But the child is the Mordecai at the gate. He must go for her, so he merely picks up the mail that has come and steps back into the carriage. If she could have dared a little more and gone with him, but Floyd Grandon is the kind of man with whom liberties are not easily taken. And perhaps she has won enough for one day. Sometimes in attempting too much one loses all.
CHAPTER VIII.
For I have given you here a thread of mine own life.—Shakespeare.
Floyd Grandon leans back in the carriage and opens Eugene's letter.
"What idiotic stuff have you in your head? Do you think me a baby in leading-strings, or a fool? You may work at that invention until the day of doom, and have fifty experts, and I'll back Wilmarth against you all. He has been trying it for the last six months, and he's shrewd, long-headed, something of a genius himself, and he says it never can succeed, that is, to make money. I am not in the market for matrimonial speculations, thank you, they are rather too Frenchy and quite too great a risk where the fortune is not sure. To think of tying one's self to a little fool brought up in a convent! No, no, no! There, you have my answer. The whole thing may go to the everlasting smash first!"

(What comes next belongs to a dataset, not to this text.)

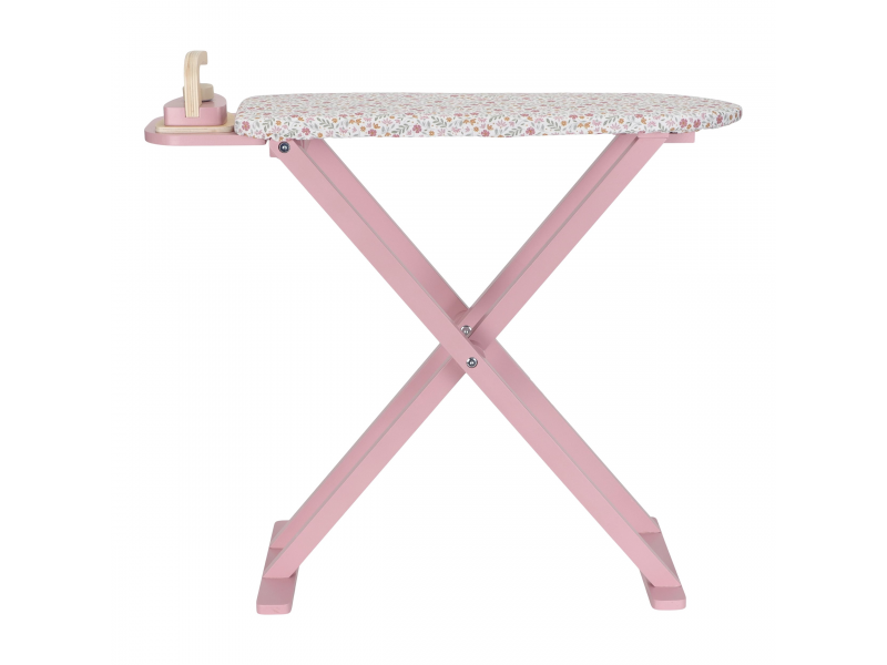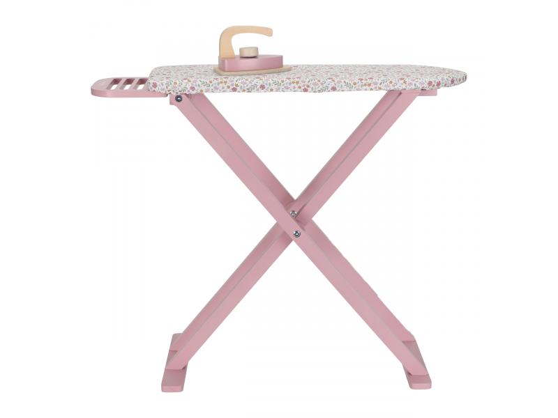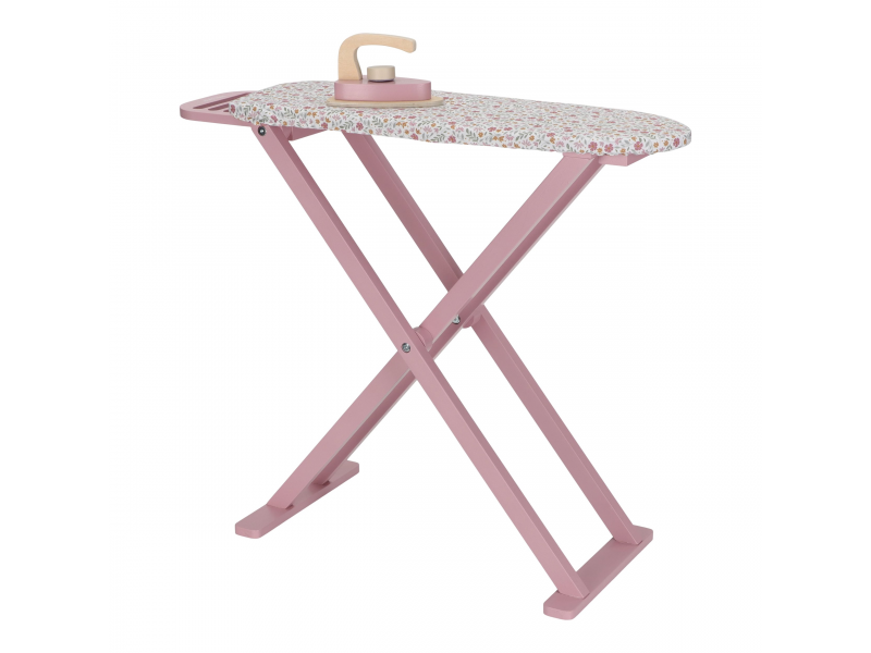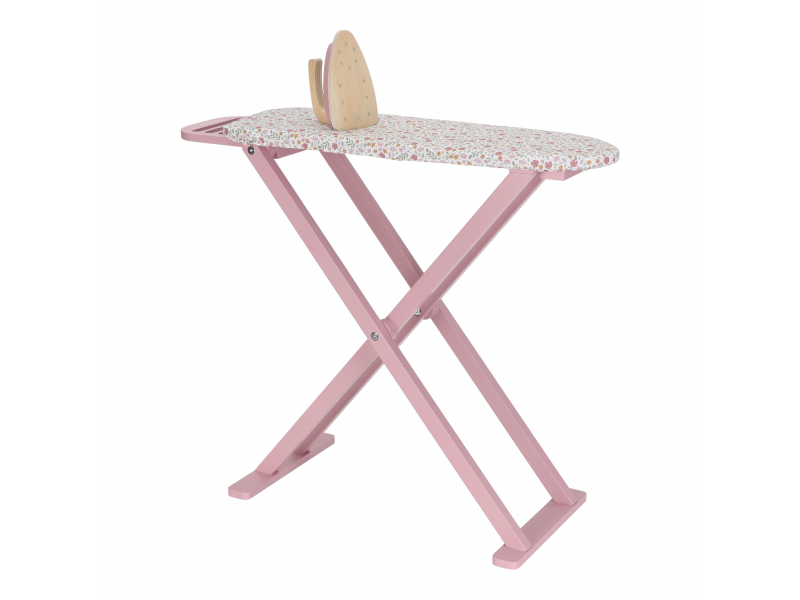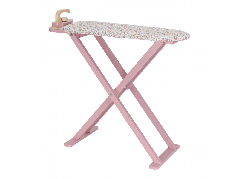 Žehlení oblečení panenkám bude radost s tímto krásným dřevěným žehlicím prknem a žehličkou. Skládací prkno je s textilním potahem s něžným květinovým potiskem vypadá jako opravdové, realisticky působí i barevně sladěná dřevěná žehlička.

Grandon folds it very deliberately and puts it in his pocket. The other notes are not important; he merely glances them over. Will Eugene relent when he receives the second appeal? He is not quite sure. But he has done a brother's full duty, and he is honestly sorry that he has failed.
Coming round the walk he sees Cecil in the hammock, and Violet is telling her a fairy story. The doll lies on her arm, and her eyes are half closed. It is such a lovely picture of content, home happiness, that he hates to break in upon it.
"Oh, here is your papa!" cries Violet, who seems to have felt the approach rather than seen it.
"O papa!" There is a long, delightsome kiss, then Cecil sits up straight, her face full of momentous import. "Papa," she says, "why can't we come here to live? I like it so much better than at grandmamma's house. Miss Violet tells prettier stories than Jane, and Denise is so good to me. She made me a little pie."